Minhas perguntas caem todas no vazio. Pensar nessas coisas cansa. Minha mente fica rodando que nem um carrossel e volta sempre para o mesmo lugar. Vejo o Jorge fazendo uma brincadeira como se fosse algo distante, como se fosse com outra pessoa com quem ele brincasse e não comigo. Mas também, por que ele precisou de outras mulheres enquanto estávamos juntos? Quer dizer que não sou boa o suficiente? Mas o que ele viu em mim afinal?

Ele tenta me animar, brincar, me fazer cócegas, contar piadas. Quando dou risada ele se derrete todo. Mas de uns tempos para cá ando um tanto séria. É esse carrossel na minha cabeça. E me sento sempre no cavalo branco da inação.
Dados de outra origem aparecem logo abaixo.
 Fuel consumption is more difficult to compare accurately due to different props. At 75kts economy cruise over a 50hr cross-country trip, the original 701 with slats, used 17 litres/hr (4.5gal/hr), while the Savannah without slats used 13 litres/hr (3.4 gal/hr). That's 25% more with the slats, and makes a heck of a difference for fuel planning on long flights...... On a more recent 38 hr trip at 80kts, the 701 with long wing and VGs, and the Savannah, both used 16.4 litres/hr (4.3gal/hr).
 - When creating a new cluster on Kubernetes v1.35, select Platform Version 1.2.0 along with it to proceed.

Tudo começa e termina com ele. É o cavalo que diz: foda-se, não quero fazer nada, não quero pensar em nada. Amanhã. Amanhã a gente vai estar na Itália, tudo vai dar certo. Amanhã vou pintar. Amanhã eu e o Jorge finalmente vamos nos acertar. E assim o cavalo branco dá lugar ao preto que diz “mas e se”... E se eu não for boa o suficiente? E se ele me deixar? Logo vem o cavalo marrom da estupidez, o verde do ciúmes, o vermelho da ira, o amarelo [ ]. Eles vão se sucedendo até voltar ao branco. Foda-se. Amanhã...
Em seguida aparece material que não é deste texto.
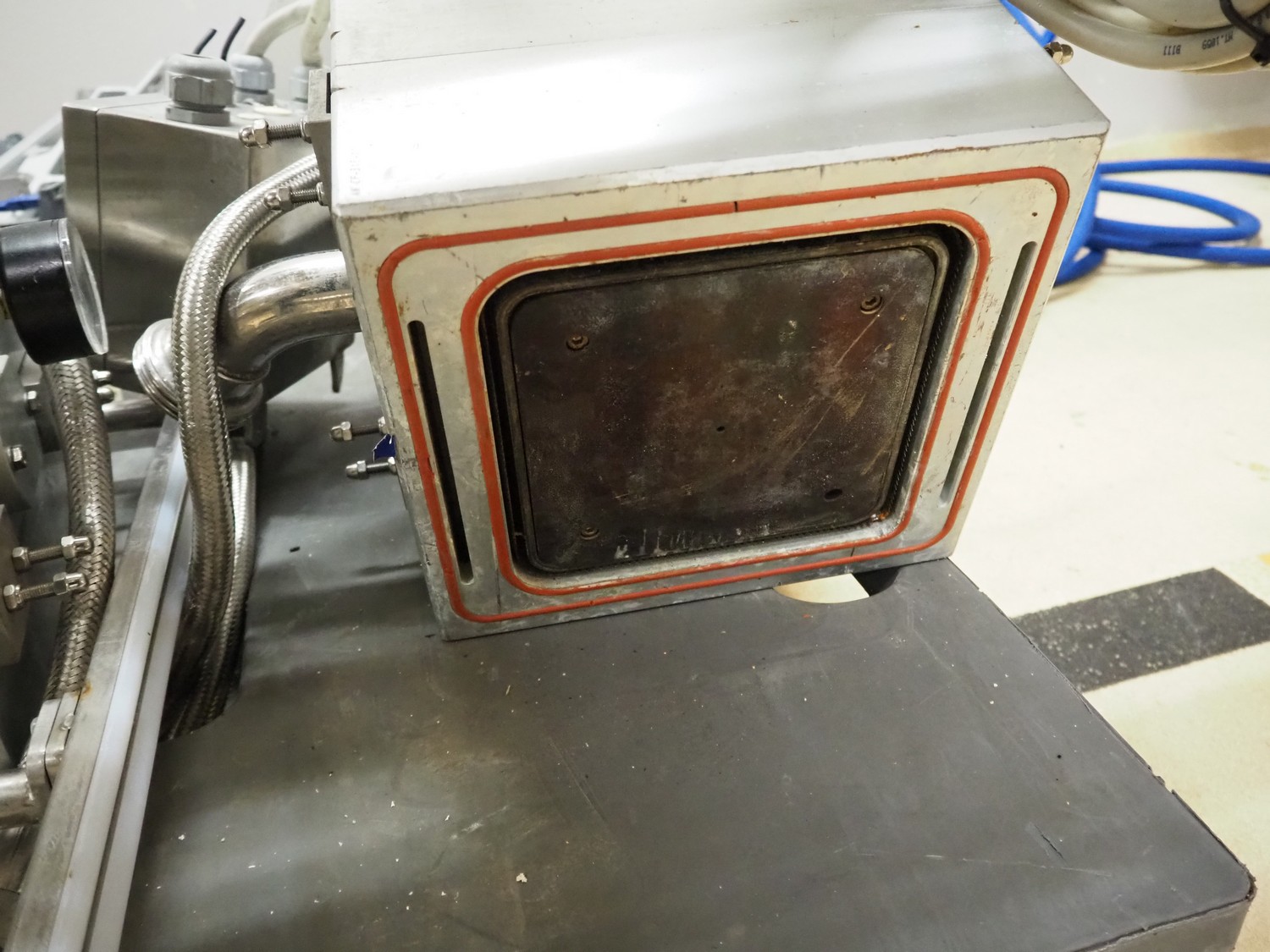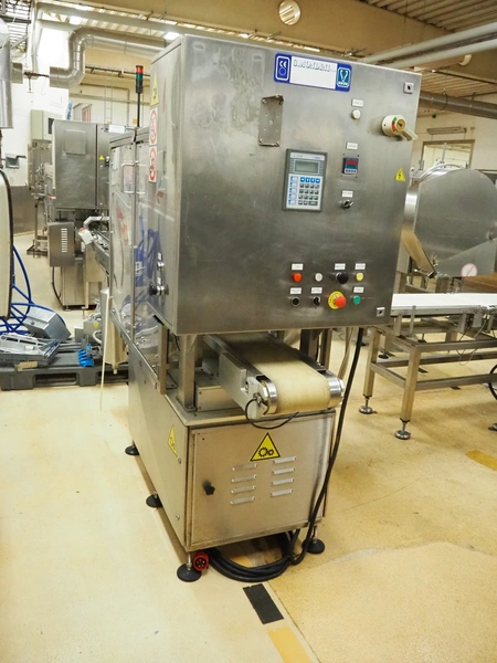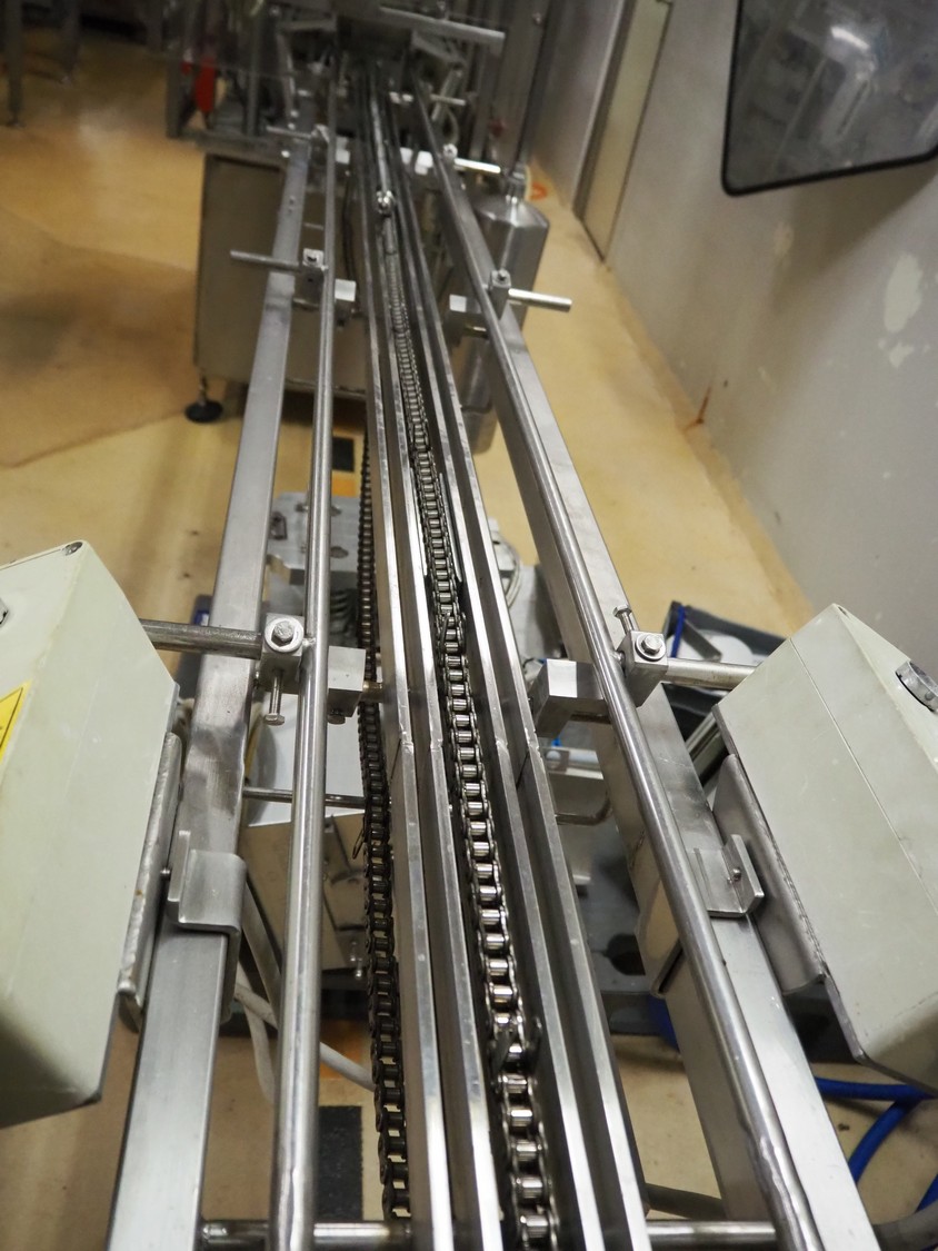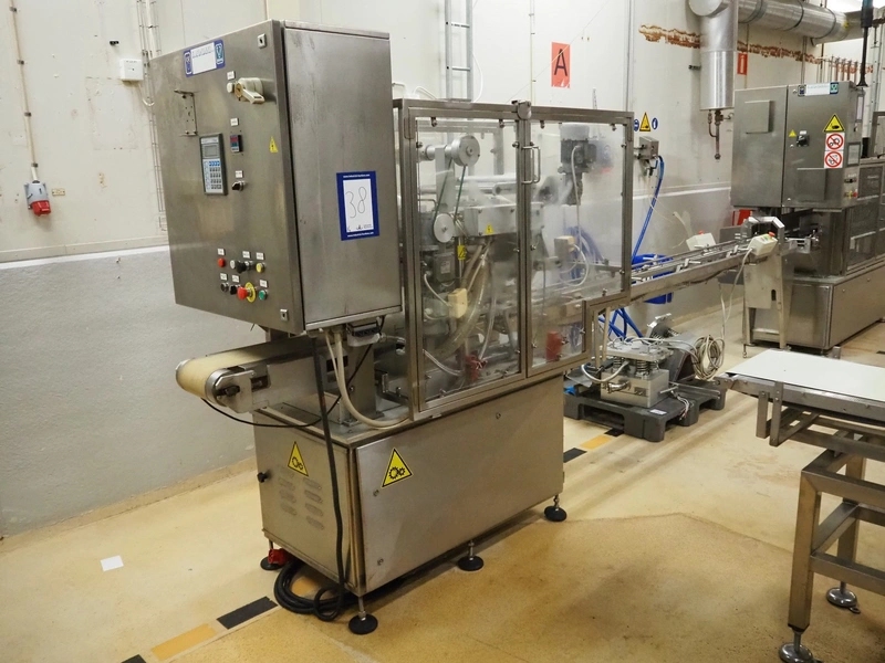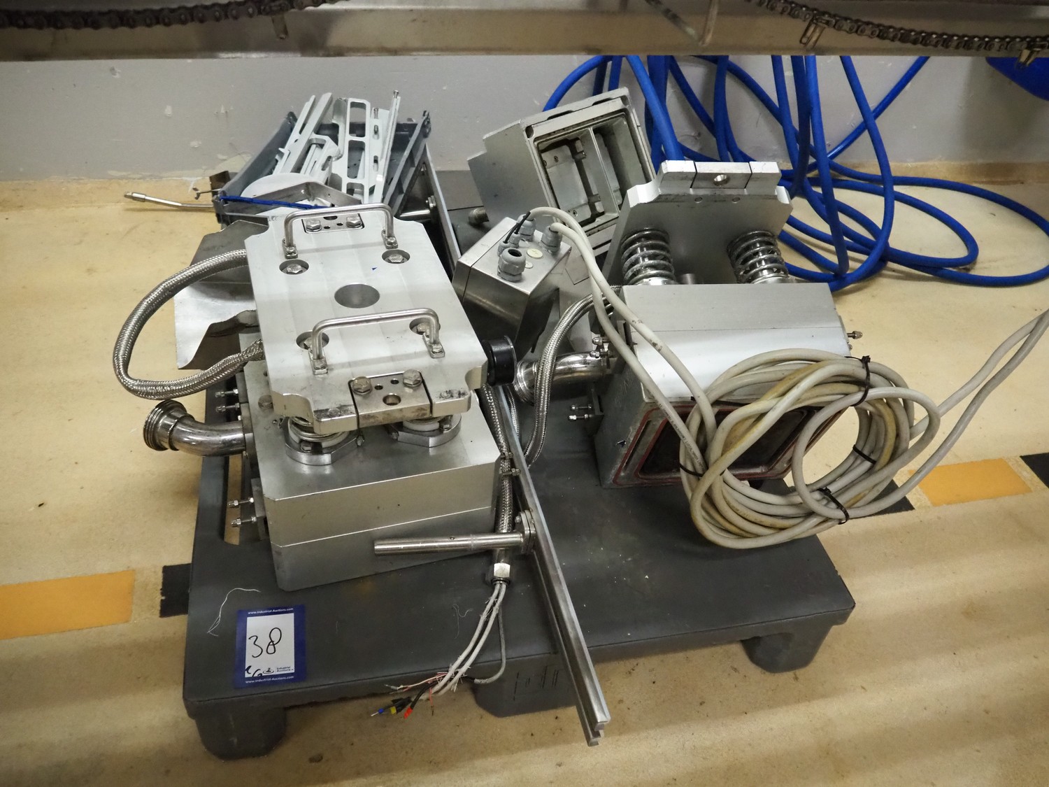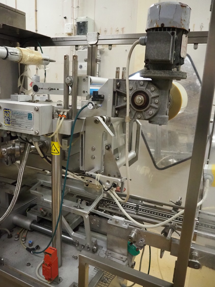 G. Mondini S.p.A. traysealer, model: GVS/MT.VG.1, serial number: 1701-A/00, year of construction: 06/05/00, 400 V, 3 Ph, 50 Hz, diameter cups: 140 mm, plastic belt, belt width: 240 mm, total dimensions: 3300 mm x 900 mm x 2650. Including pallet with extra dye sets.

E por falar em amanhã, ao menos o lugar onde ficaremos já parece resolvido, por mais absurdo que possa parecer. Jorge respondeu aquele anúncio maluco sem foto e recebemos a resposta um mês atrás:

Caros Jorge e Kyara,

Agradecemos o interesse e lhes parabenizamos pela excelente resposta que supera desmesuradamente em conteúdo, forma, estilo e humor qualquer outro contato que recebemos. Estamos cientes de que nosso anúncio não é nada convencional e os rasgos poéticos de Jorge nos parecem mais de acordo com nossa proposta do que tantos currículos que nos foram enviados. Além disso, nos encanta a ideia de que as duas vagas sejam preenchidas por um casal. Assim, vocês poderão fazer companhia um ao outro sem se aborrecerem com a calmaria do povoado. Esperamos que passem bons momentos e nos encantaria dividir um pouco do tempo livre com vocês discutindo sobre a vida, o universo e tudo mais.

Em anexo, vocês encontrarão informações sobre a casa, fotos e contatos. Qualquer dúvida, podem falar diretamente comigo. O proprietário é uma pessoa muito reservada e ocupada. Vocês devem conhecê-lo mais adiante.
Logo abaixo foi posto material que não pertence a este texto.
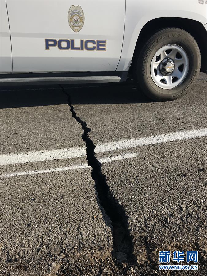 7月6日,在美国加利福尼亚州小镇特罗纳,道路在地震中受损。 美国加利福尼亚州南部地区4日和5日先后发生6.4级和7.1级地震,震中和附近地区遭不同程度破坏。两次强震震中所在地区圣贝纳迪诺县已经进入紧急状态。 新华社发(曾慧摄)
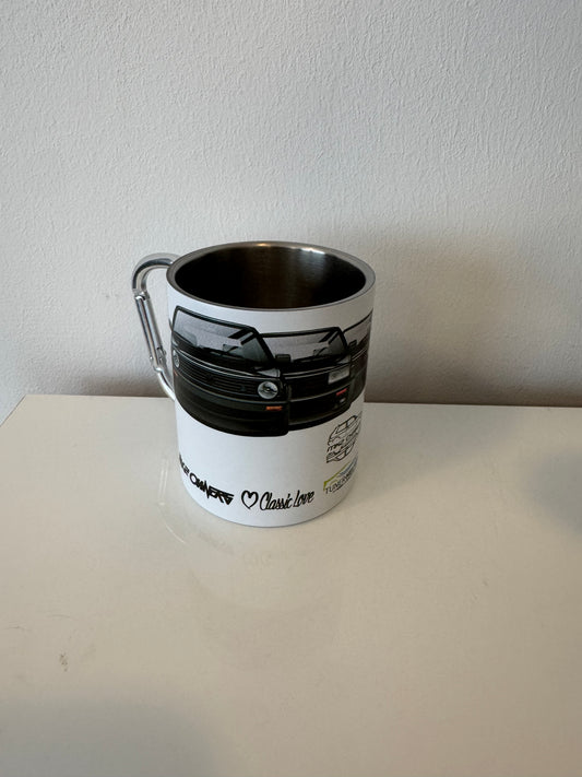 MK2 Charity Stahltasse – Vintage-Look mit Karabiner
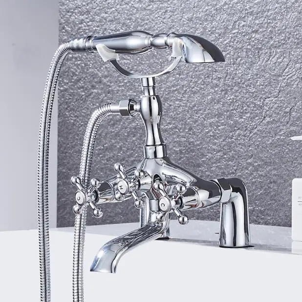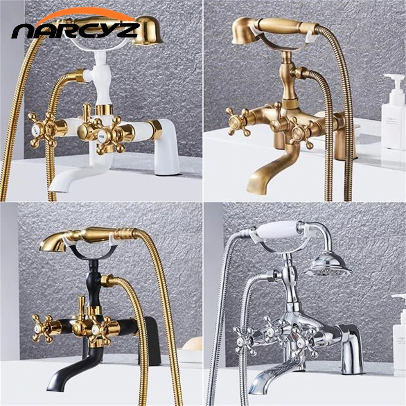 Смесители для ванны, Классический Золотой шезлонг с двойными стойками, смеситель для ванны на боковой стороне горячей и холодной стойки для душа 002-2

Seguimos em contato para acertar os detalhes.

Um abraço,

Alessandro.

Então vem uma lista com todas as comodidades da casa e as fotos. Casa? A propriedade inclui dezenas de quartos, restaurante, fazenda, casa de verão e até um borboletário! Com certeza é preciso um mói de gente para manter esse lugar. Só o jardim, vixi! Agora não sei que frescura é essa desse anúncio. Essa gente tem dinheiro, podem pagar quantos funcionários quiserem. Para quê procurar por voluntários? Se bem que rico é tudo pirangueiro mesmo. Segundo Jorge, isso deve ser algum velhinho paranóico querendo companhia. Ele acha que nosso trabalho vai ser mais conversar com o tiozinho do que outra coisa, o que para gente é ótimo, porque assim praticamos o italiano.

Não sei não. Tudo isso soa muito fantástico para o meu gosto. De todos modos, agora é tarde demais. Jorge já meteu isso na cabeça, já confirmamos e faltam só duas semanas para a viagem. Duas semanas. Aí vem o cavalo branco. Depois o preto, o marrom, o verde, o vermelho...

Busco dentro de mim uma faísca de alegria. Afinal, estou fazendo o que me propus, sair de Recife, viajar, conhecer outros lugares. Arranco uma folha do caderno e monto um aviãozinho. Faço um pedido e o lanço no ar. Seja o que o destino quiser.

Escreva nesta folha o nome de um lugar que gostaria de visitar. Arranque-a, faça um aviãozinho e jogue o mais longe que puder.